The very first notion of banking can be traced back to 2000 BC, when grain loans were conducted between farmers between cities. In the Roman Empire, lenders based in temples started to accept deposits and were able to change money.
However, banking as we know it didn’t start to come into play until the medieval era, when the Bardi and Peruzzi families set up banks in many parts of Europe.
Banking today mainly takes its lead from the Bank of England, which was established in 1694. The US took on many of the basic principles of early English banking. There are, however, a few differences between the Bank of England and the Federal Reserve.
Spot the difference
Back in 1913, the US government emulated the Bank of England with the Federal Reserve System, intending to take control of the nation’s economy, supervising the banking sector and offering financial services to the US government, depository institutions (financial institutions legally able to accept deposits from customers) and central governments of other countries.
As a general rule, building societies are more of a British thing. The first building society was opened in Birmingham at the Golden Cross Inn in 1775. The society was intended to help produce funds in order to build houses and purchase land. Members of the society would pool their funds in order to pay for houses and land, and once all members had been housed, the society would be terminated.

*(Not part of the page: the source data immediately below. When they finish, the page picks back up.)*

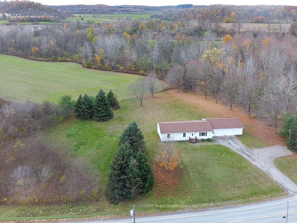 Privacy Awaits! Sprawling 3 Bedroom 2 FULL BATH Ranch on over an acre surround by woods. New cherry kitchen with CORIAN COUNTERTOPS & 2 Large Pantry's all new appliances included. BRAND NEW Oak floors. New Sliding door leads to deck and private rear yard. Formal Dining room with oak floors and bay window. Huge living room with new plush carpet. Master Suite w/ Separate Bath Open railed staircase leads to expansive walkout basement, Room for all your toys in the 3+ Car garage Brand new High Efficiency Furnace.
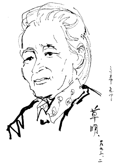 她使用的是油筆,她的字剛勁有力,拿筆的手一點也不顫抖,看不出是一位87歲的老人在寫。她看了半晌羅加喬夫的肖像,若有所思,然后像似自語地說:“我還是第一次見到我的作品的俄文譯者……”她輕輕點了一下頭,接著說,“請代向羅加喬夫家人轉致我的敬意……”我告訴她,羅加喬夫的兒子就是當時的俄羅斯駐華大使羅高壽。她睜大明亮烏黑的眼睛,望著我,既有些高興,又有無限的感激。
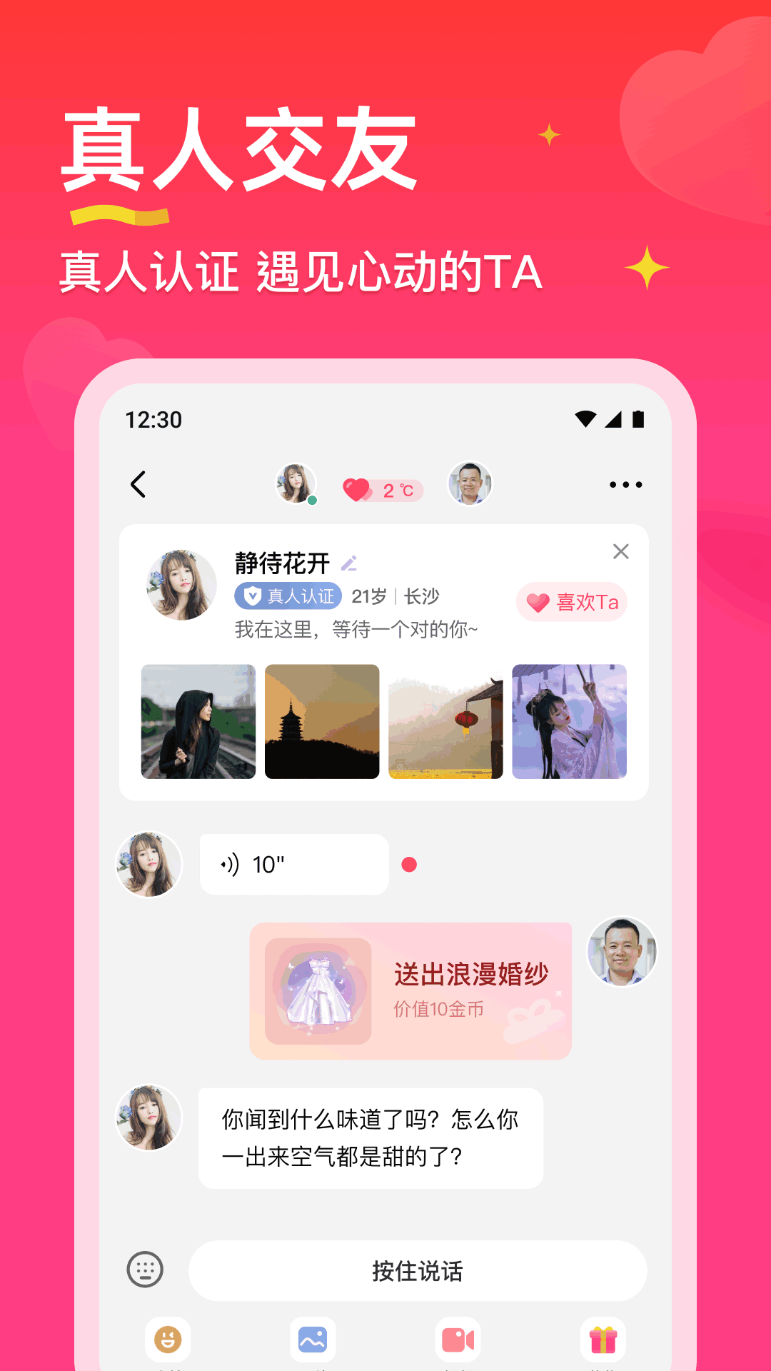 应用详情:真心聊陌生交友视频聊愿相遇良缘是一款实时在线交友APP,用户的恋爱神器,用户都...
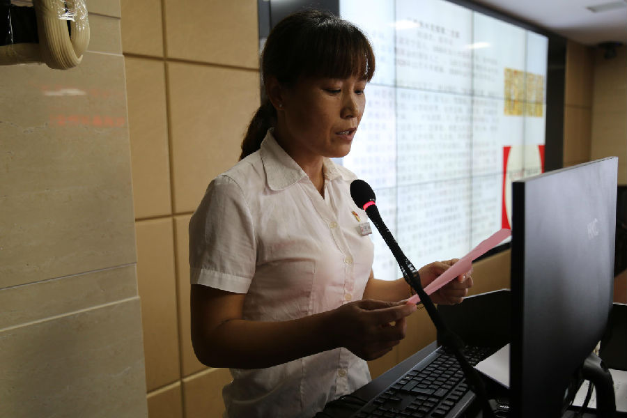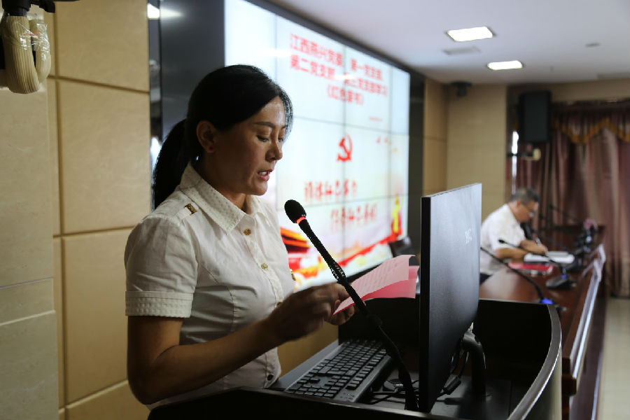 第二黨支部黨員蔡華英朗讀了王孝錫寫給父母的訣別信
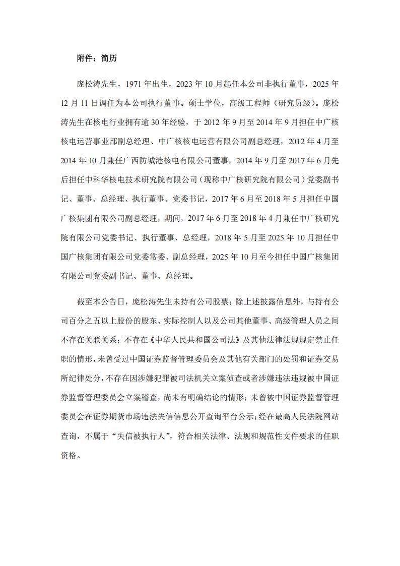 庞松涛,男,1971年出生,硕士学位,高级工程师(研究员级)。2023年10月起任本公司非执行董事,2025年12月11日调任为本公司执行董事。庞松涛先生在核电行业拥有逾30年经验,于2012年9月至2014年9月担任中广核核电运营事业部副总经理、中广核核电运营有限公司副总经理,2012年4月至2014年10月兼任广西防城港核电有限公司董事,2014年9月至2017年6月先后担任中科华核电技术研究院有限公司(现称中广核研究院有限公司)党委副书记、董事、总经理、执行董事、党委书记,2017年6月至2018年5月担任中国广核集团有限公司副总经理,期间,2017年6月至2018年4月兼任中广核研究院有限公司党委书记、执行董事、总经理,2018年5月至2025年10月担任中国广核集团有限公司党委常委、副总经理,2025年10月至今担任中国广核集团有限公司党委副书记、董事、总经理。

In their peak, there were thousands of building societies all over England. By the 1840s, members were accepted into the societies who were not home owners, but wanted somewhere to keep their savings. Today, building societies offer a wide range of services, but are most known for mortgages.
The real differences lie within personal banking.

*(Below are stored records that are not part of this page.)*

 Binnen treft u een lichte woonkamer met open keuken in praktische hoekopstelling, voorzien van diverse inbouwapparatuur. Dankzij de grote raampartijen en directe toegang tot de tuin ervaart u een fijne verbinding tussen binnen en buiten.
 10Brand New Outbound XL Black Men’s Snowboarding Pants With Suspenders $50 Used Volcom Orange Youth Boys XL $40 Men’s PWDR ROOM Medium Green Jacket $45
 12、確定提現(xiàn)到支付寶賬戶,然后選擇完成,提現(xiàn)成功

It’s worth noting that in the US, debit card payments and contactless payments are the payment methods of choice. Virtual transactions, such as those conducted over the internet, are prevalent. This may be because, as a general rule, cash machines charge for withdrawal.

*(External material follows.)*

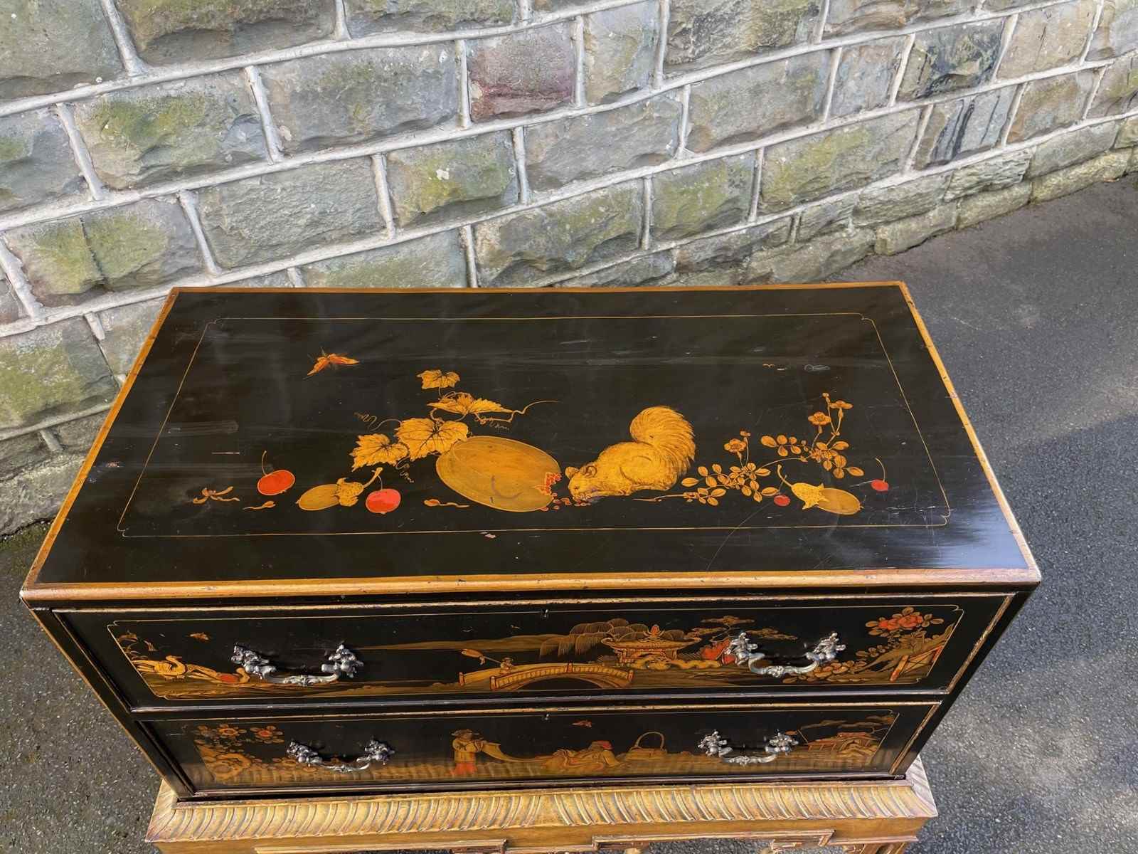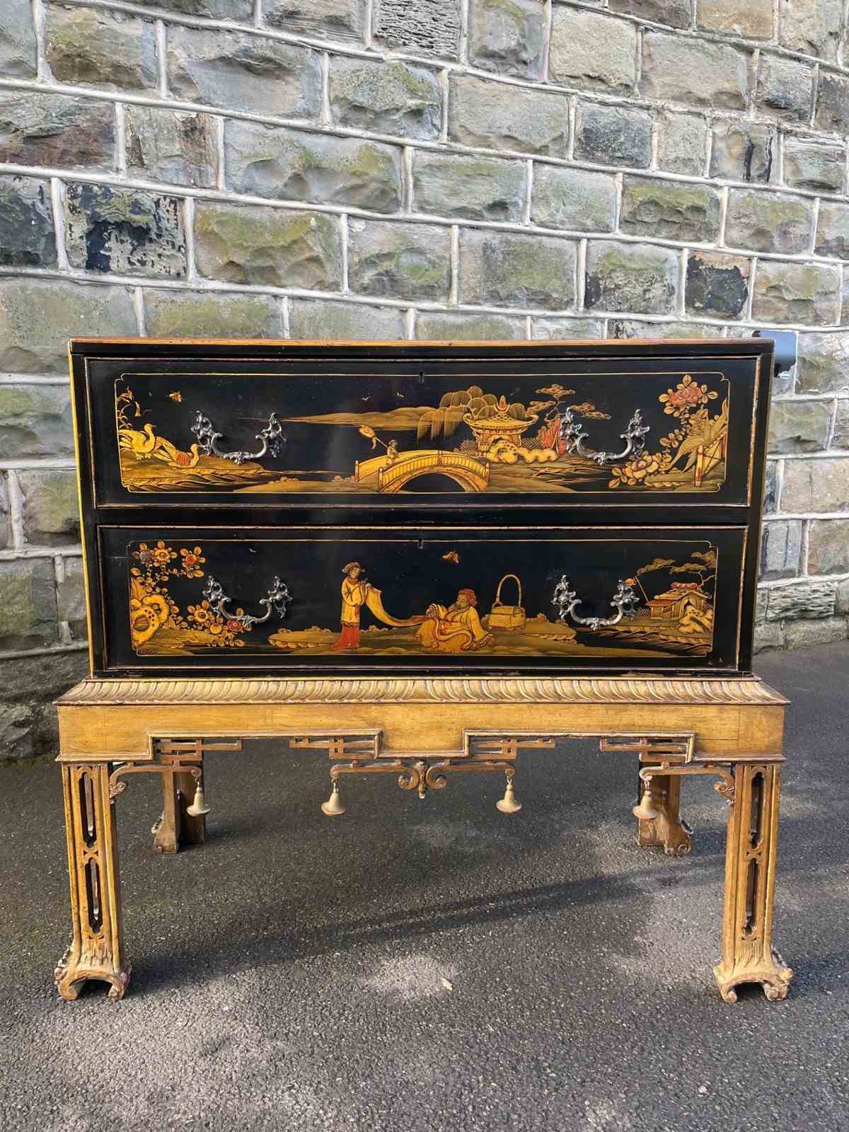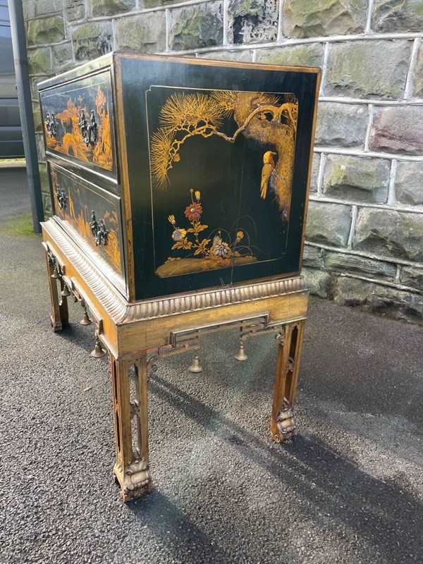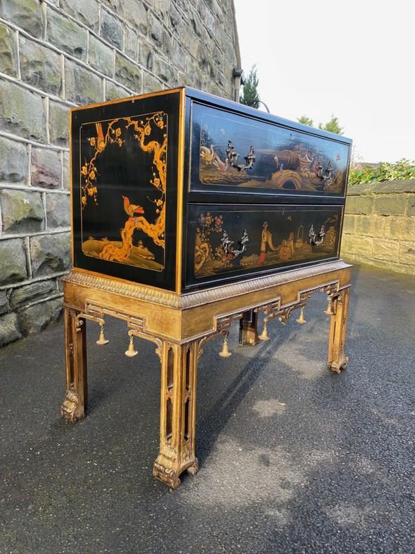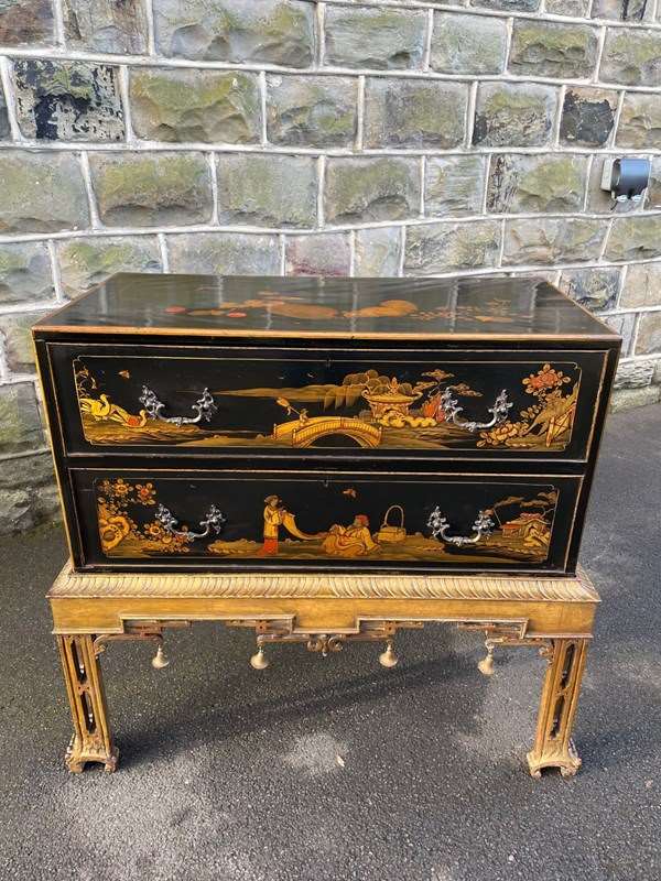 Antique Lacquered Chinoiserie Chest On Stand

Most big stores in the US have their own credit cards, which mean they can render many profits from financing services. This is an option in the UK, but are less common.
While certain cash machines in the UK do charge for cash withdrawals, on the whole it’s free to withdraw money from ATM machines.
Building Societies are the UK version of the US credit unions. The first building society was founded in the UK in 1775, and while they are most known for offering mortgages, they have in recent years become able to offer many of the services banks do.
For the most part, building societies offer cheaper rates when it comes to mortgages.
Given the recent problems with the economy within the UK in the last decade, more and more customers are losing faith with banks – in fact, according to a survey by Yorkshire Building Society, 34% of people have lost faith in the financial sector than during the previous year.
Thanks to the way that they are run, building societies offer more in way of democracy, as they give members a voice thanks to the fact they are member-owned.
Choosing between a bank account or one with a building society depends entirely upon your personal needs. Both establishments offer different merits for personal accounts as well as those for SME’s which is either looking for an account for their capital or for a loan to start up.